Some of the lines below need repeating. Reproduce exactly those between the lines holding "Chinese. I uploaded" and "Um copo que", inclusive.

Segment Start: Data provided

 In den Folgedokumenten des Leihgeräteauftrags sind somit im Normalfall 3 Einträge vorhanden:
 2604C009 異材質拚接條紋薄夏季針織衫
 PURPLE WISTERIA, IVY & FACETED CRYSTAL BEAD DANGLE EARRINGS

Segment End: Data provided
Segment Start: Data provided

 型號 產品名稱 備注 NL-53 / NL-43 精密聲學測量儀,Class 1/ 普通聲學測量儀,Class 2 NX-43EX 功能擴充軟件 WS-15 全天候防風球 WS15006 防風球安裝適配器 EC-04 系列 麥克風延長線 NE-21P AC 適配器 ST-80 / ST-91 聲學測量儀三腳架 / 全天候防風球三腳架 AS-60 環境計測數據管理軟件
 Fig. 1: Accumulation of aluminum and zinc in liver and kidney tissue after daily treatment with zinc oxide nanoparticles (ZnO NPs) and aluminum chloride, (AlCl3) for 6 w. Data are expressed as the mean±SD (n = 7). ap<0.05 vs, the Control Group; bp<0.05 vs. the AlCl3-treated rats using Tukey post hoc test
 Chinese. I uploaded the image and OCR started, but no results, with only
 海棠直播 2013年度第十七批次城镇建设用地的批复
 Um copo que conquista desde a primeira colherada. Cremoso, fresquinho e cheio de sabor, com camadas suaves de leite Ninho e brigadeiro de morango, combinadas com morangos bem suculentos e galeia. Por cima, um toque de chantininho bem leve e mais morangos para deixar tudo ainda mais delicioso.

Segment End: Data provided

> _Result for this task_
 Chinese. I uploaded the image and OCR started, but no results, with only
 海棠直播 2013年度第十七批次城镇建设用地的批复
 Um copo que conquista desde a primeira colherada. Cremoso, fresquinho e cheio de sabor, com camadas suaves de leite Ninho e brigadeiro de morango, combinadas com morangos bem suculentos e galeia. Por cima, um toque de chantininho bem leve e mais morangos para deixar tudo ainda mais delicioso.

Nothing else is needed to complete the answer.